Doug McIntyre
Football journalist
NEW YORK — Major League Soccer has all kinds of momentum heading into its 28th season, which begins Saturday when Nashville SC hosts New York City FC (4:30 p.m. ET on FOX and FOX Deportes).
The top league in the United States and Canada is coming off the most spectacular MLS Cup final in its history, in which LAFC defeated the Philadelphia Union last fall. MLS sent more players to the 2022 World Cup than any circuit outside Europe’s Big Five. In Qatar, Atlanta United’s 21-year-old Argentinian Thiago Almada became the first active MLS player to lift the most coveted trophy in sports.

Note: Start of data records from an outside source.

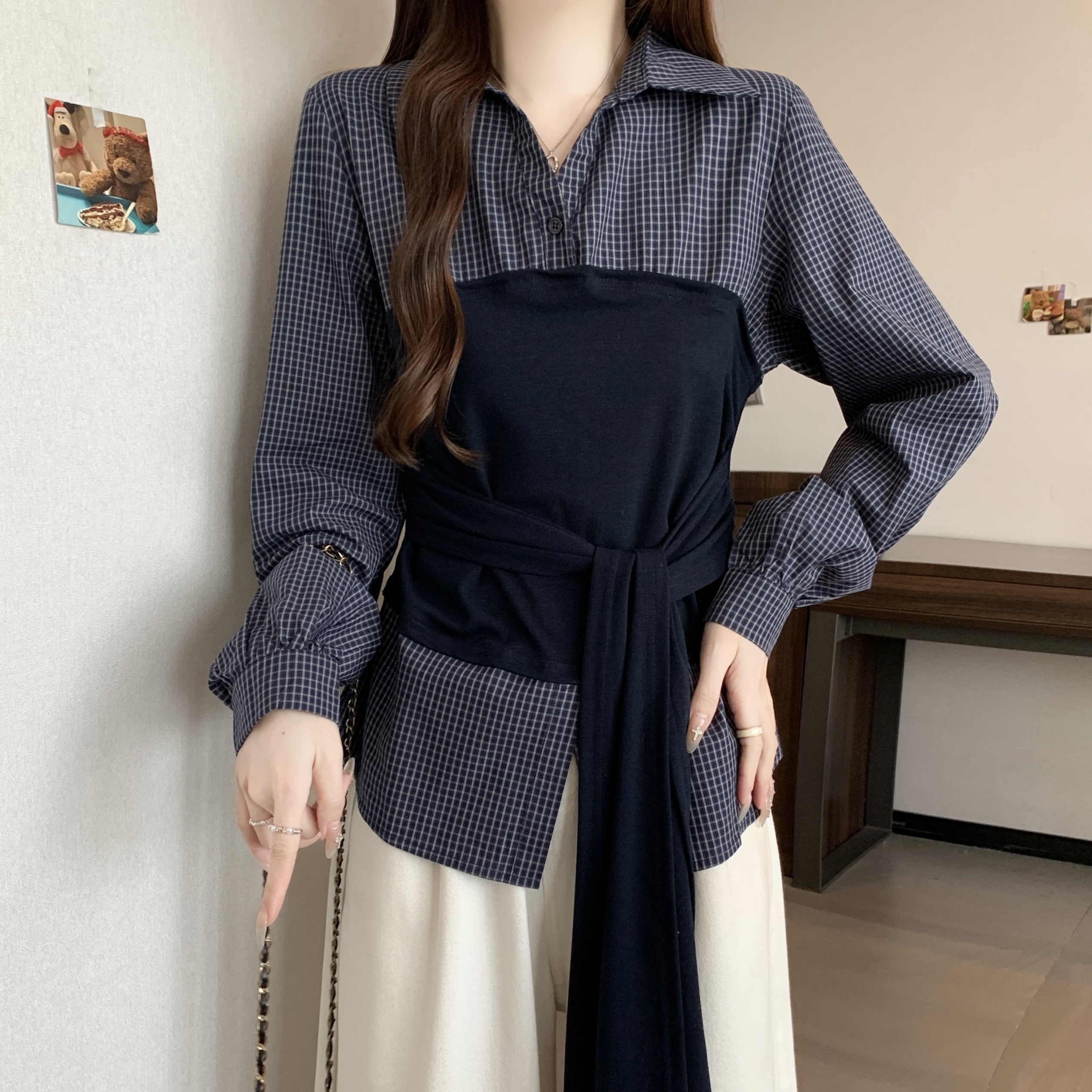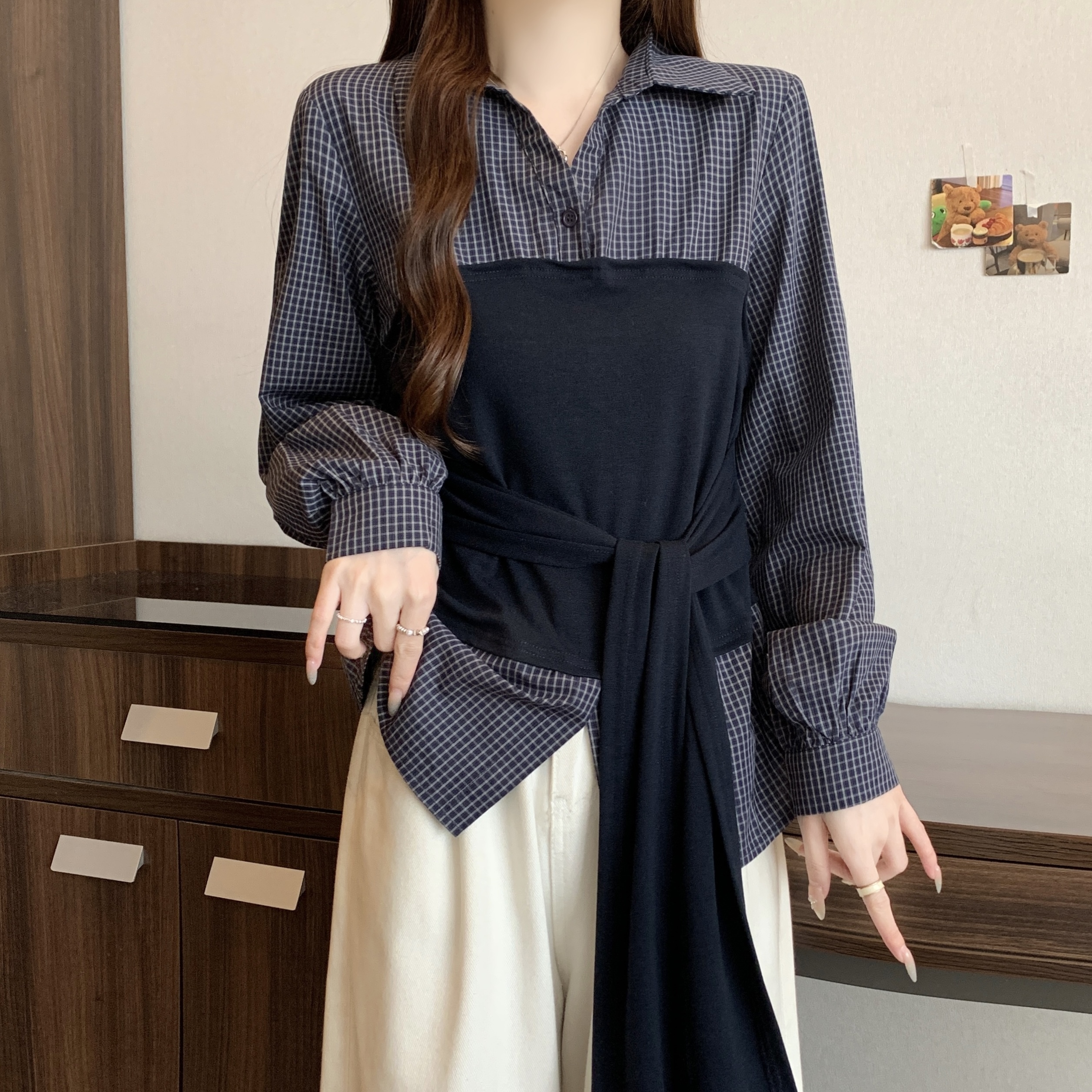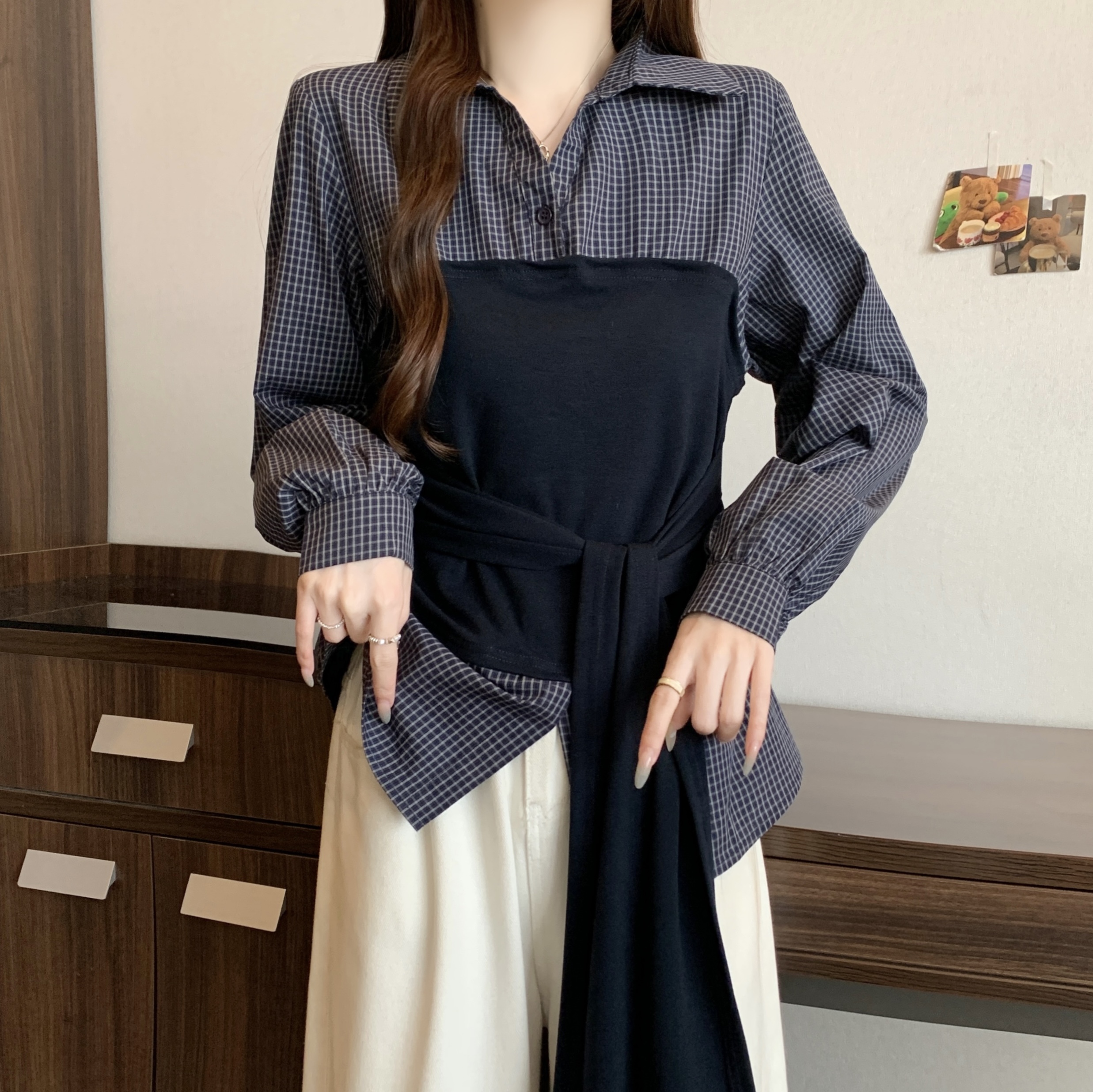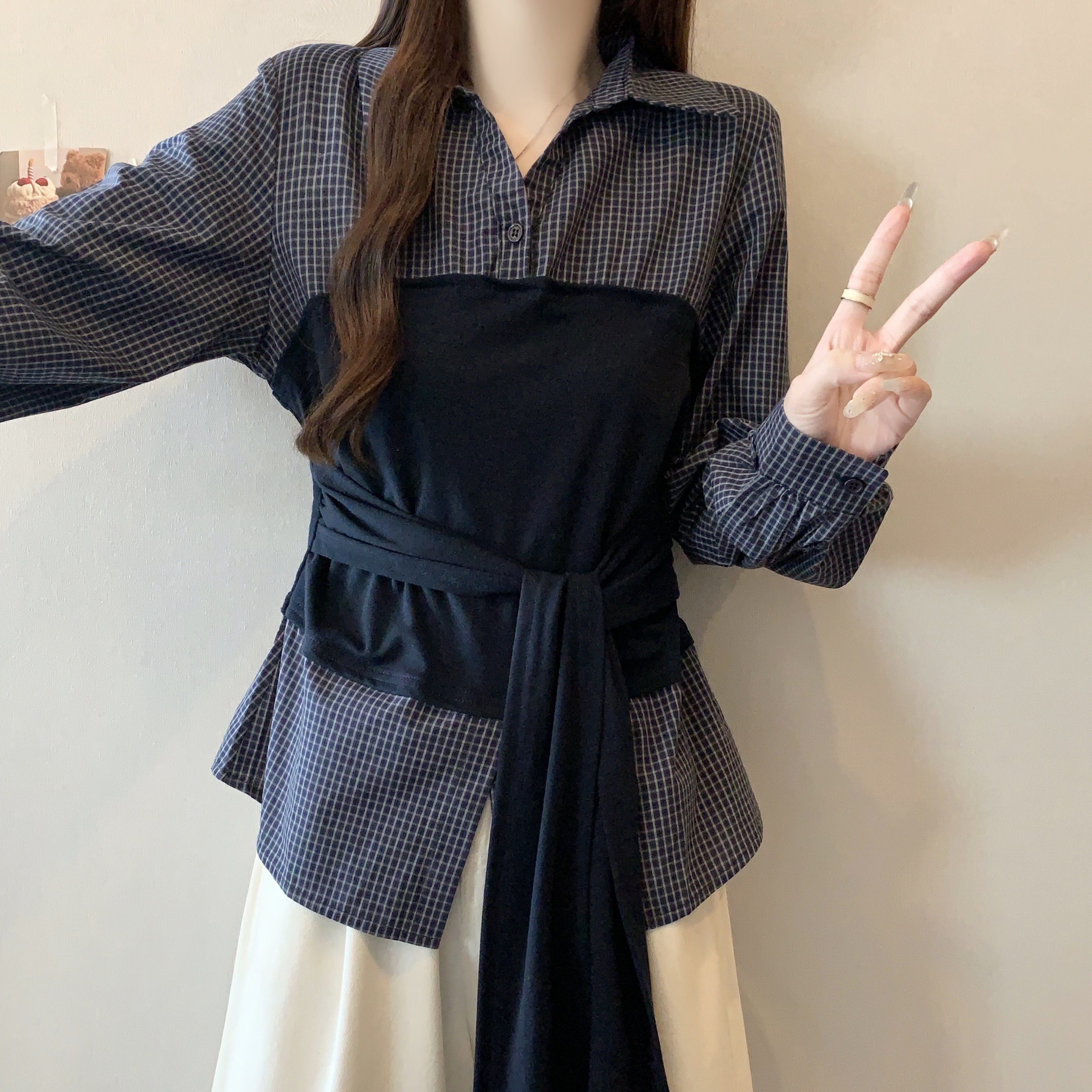 MY16023# 大码胖MM新款假两件收腰长袖衬衫女设计感绑带格子上衣女裝貨源服裝批發
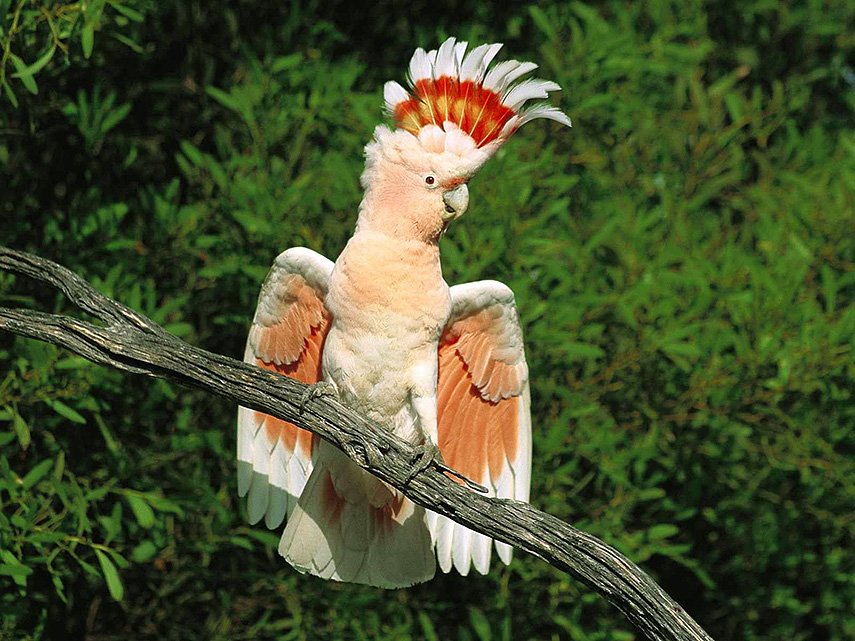 - Какаду инка обладает снежно-розовой расцветкой. Разные оттенки плавно сменяют друг друга, делая покров перламутровым. Длина тела составляет около 40 см. На голове расположен хохолок с белыми перьями числом краям и яркими посередине. Эти попугаи могут жить даже в пустынных районах Австралии, становой хребет, чтобы рядом был водоем. Птицы предпочитают селиться в кронах деревьев. Летают редкостно.
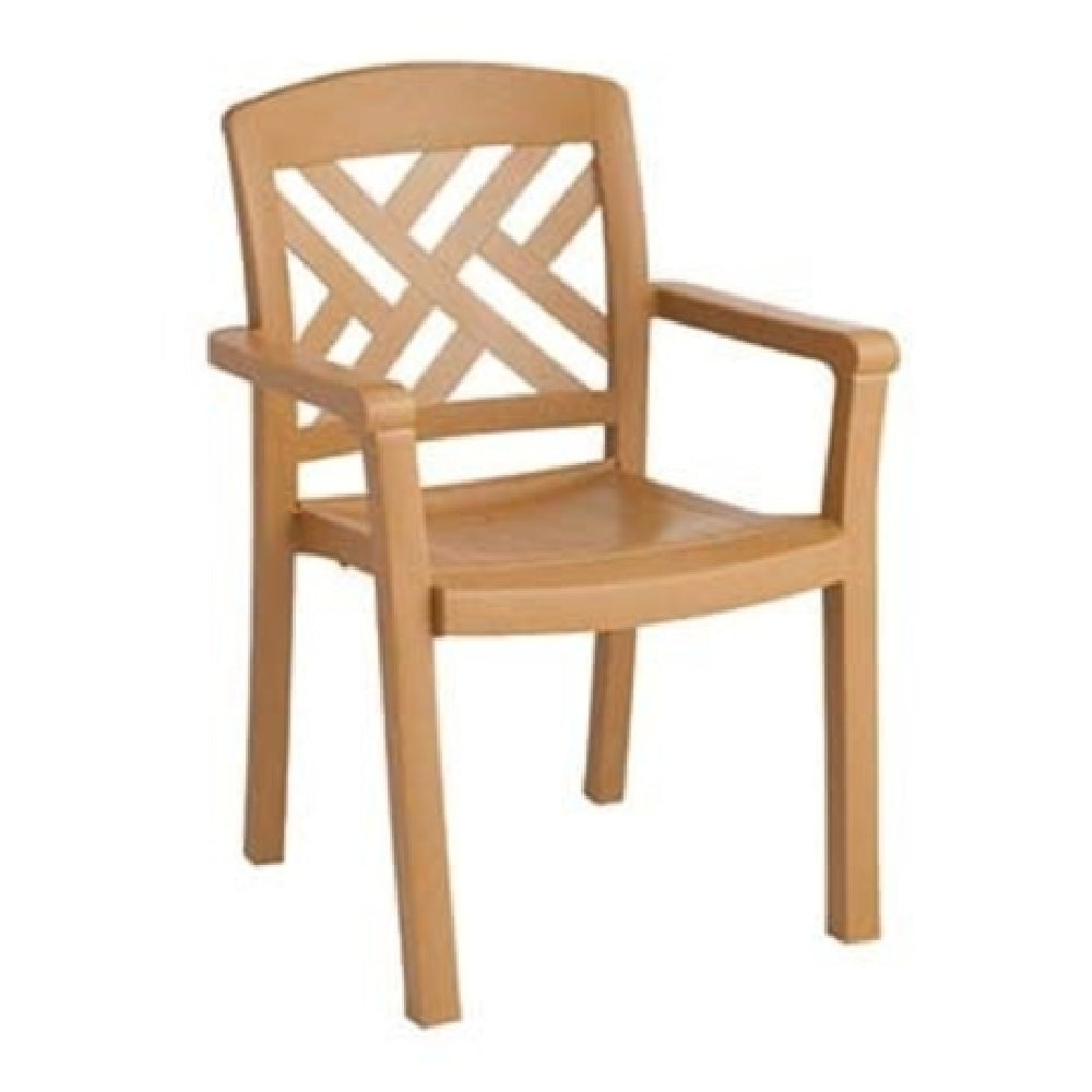 The Grosfillex 45451408 Sanibel Classic Stacking Dining Armchair is a remarkable piece designed specifically for outdoor use, combining functionality with a classic aesthetic. Crafted with Rexform® resin, this armchair features a synthetic wood texture finish that closely resembles teakwood, offering a sophisticated look without the maintenance needs of real wood. Made in the USA, this chair is a testament to high-quality craftsmanship and durability. Its stackable design allows for easy storage, making it an excellent choice for both commercial and residential settings where space efficiency is a priority. The Grosfillex Sanibel Classic is sold individually but packed in cases of 12, catering to bulk purchase needs typical of hospitality businesses, such as restaurants and hotels, seeking to furnish patios or outdoor dining areas with stylish, weather-resistant seating. This chair's robust construction ensures it withstands the rigors of outdoor environments while maintaining its elegant appearance, making it a valuable addition to any outdoor furniture collection.
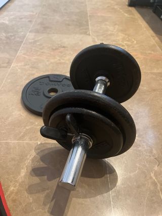 Conjunto de pesas y mancuernas para entrenamiento. - Discos de diferentes pesos. - Mancuernas con discos. - Alfombrilla protectora incluida -5discps10kg -8_5kg -10_1kg -10_2kg -8-0'5kg Banco de pesas .
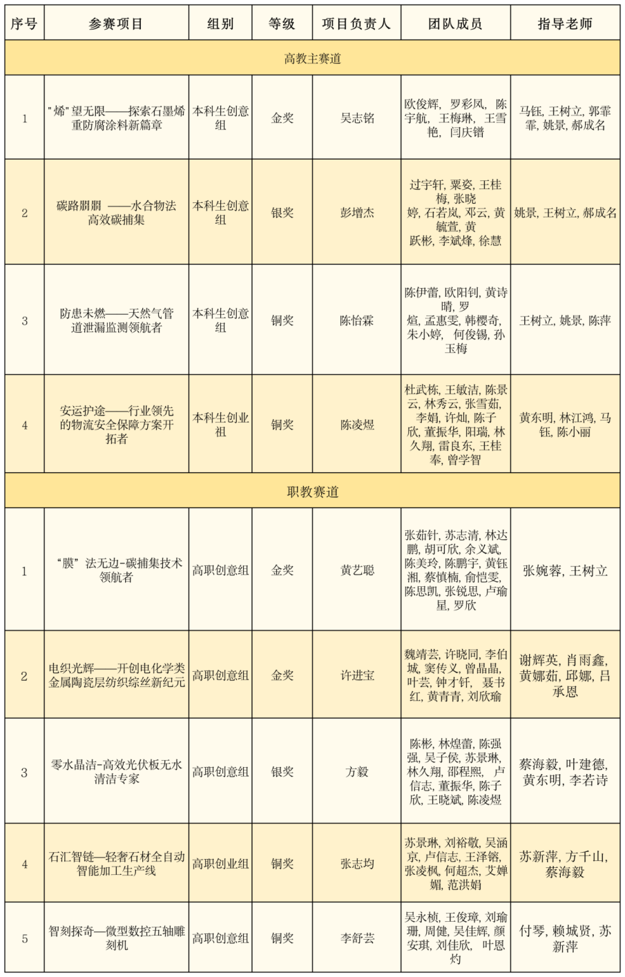 据悉,福建省大学生创新大赛(2024)由福建省教育厅、省委统战部、省委网信办、省发展改革委、省工信厅等12个部门共同主办。大赛围绕“我敢闯、我会创”为主题,包含高教主赛道、“青年红色筑梦之旅”赛道、职教赛道、萌芽赛道、产业命题赛道,共吸引来自全省253所学校近百万名师生报名参赛,累计收到近28.1万个参赛项目。本届大赛自启动以来,校领导高度重视,副校长张建军、校长助理兼教务处处长苏康敏多次现场指导比赛准备工作。在各二级学院广泛宣传和积极动员下,我校共有5050个项目报名参加比赛,同比去年(2205个项目)上涨129.02%,其中职教赛道报名3500项,高教主赛道报名1500项,红旅赛道报名50项,总报名数量创新高,师生参赛热情高涨。下面一起来看看获奖名单吧:
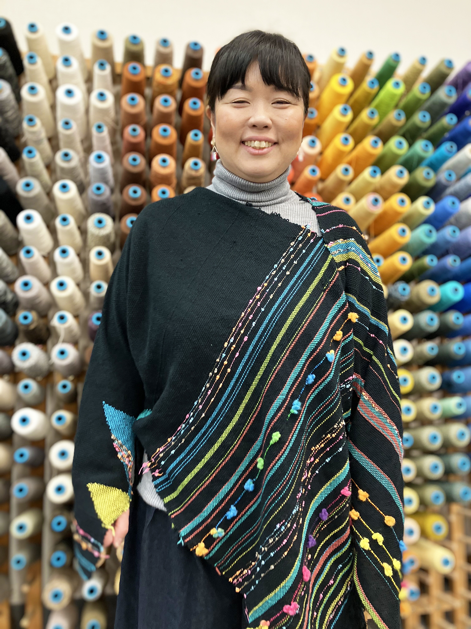 定番タテ糸ローラー巻き(TRM)を活かして、カラフルな部分とのコントラストが美しい布が織り上がりました。『SAORIのお仕立て【初級編】』に掲載の『正方形を折りたたむ長袖三角ブラウス』に仕立てたところ、ちょうど袖口に二色交差の部分がきて、ますます布の個性が引き出されました。
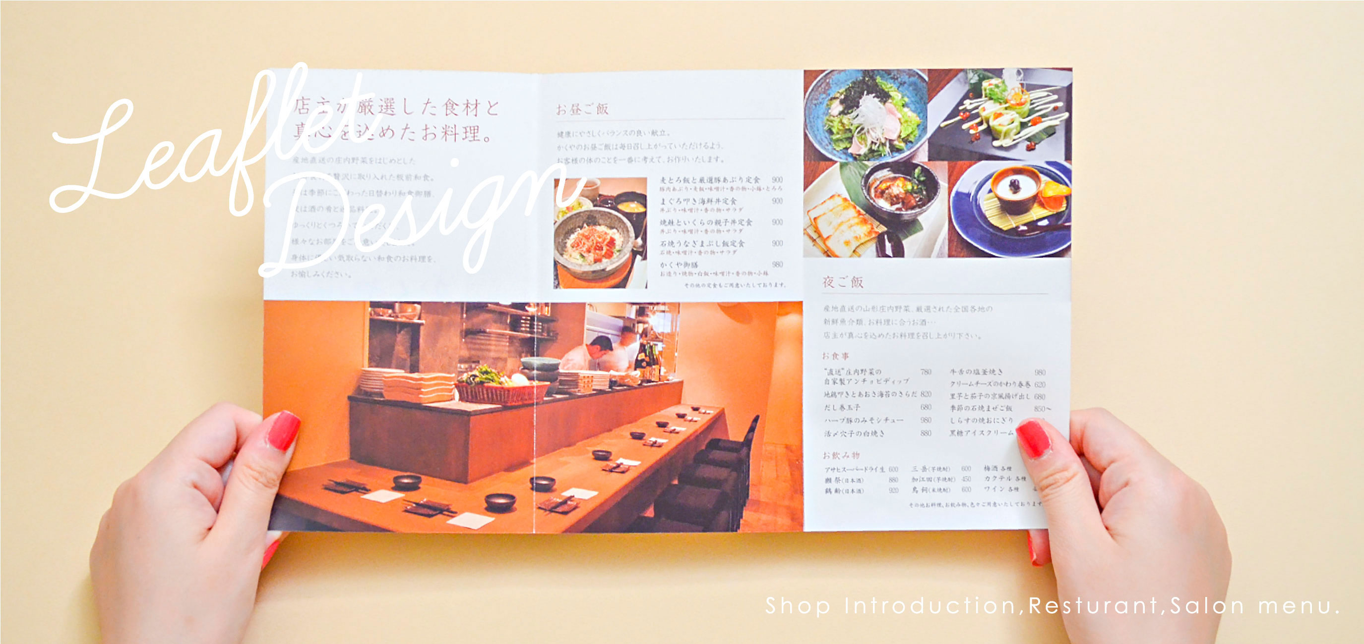 会社やサロン、クリニックなどお店のリーフレットのデザイン・作成ショップツールデザイン。
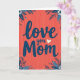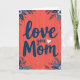 This card features the message “Love you Mom” in deep navy blue letters across the center. The lettering has a flowing, handwritten look, and it stands out strongly against a coral red background. The background also has faint vertical lines and tiny white specks scattered around, giving it a soft bit of texture. In each corner, there are dark blue flowers and leaves with thin white outlines that make the petals and shapes easy to see. The flowers include open blooms, small buds, and leafy sprigs, framing the words without covering them. A small cream-colored heart sits right after the word “you,” like a sweet little pause in the message ❤️. It feels meaningful to give because it’s simple, direct, and full of affection, making your love for Mom easy to say 🥰. Hope it helps you share Valentine’s Day sentiments with someone you care about.
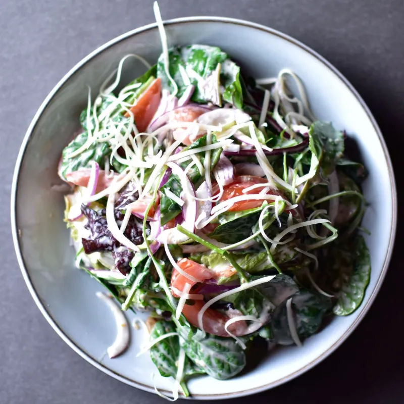 (свежие овощи, микс трав, лола росса, гренки, соус “Песто”)

MLS welcomes its 29th team, St. Louis City this year, and commissioner Don Garber said Wednesday that the 30th club should be named before the end of the year. More than 70,000 fans are expected to attend games in Atlanta, Charlotte and Los Angeles this weekend.
There are also new media rights deals worth more than $2.5 billion over the next decade that promise to raise the level of play by increasing spending on talent, exploding MLS’s profile globally while put a record number of matches on American television. FOX, now the league’s exclusive U.S. linear television partner, will air 15 games in 2023. FOX Deportes will show 34. Both are all-time highs.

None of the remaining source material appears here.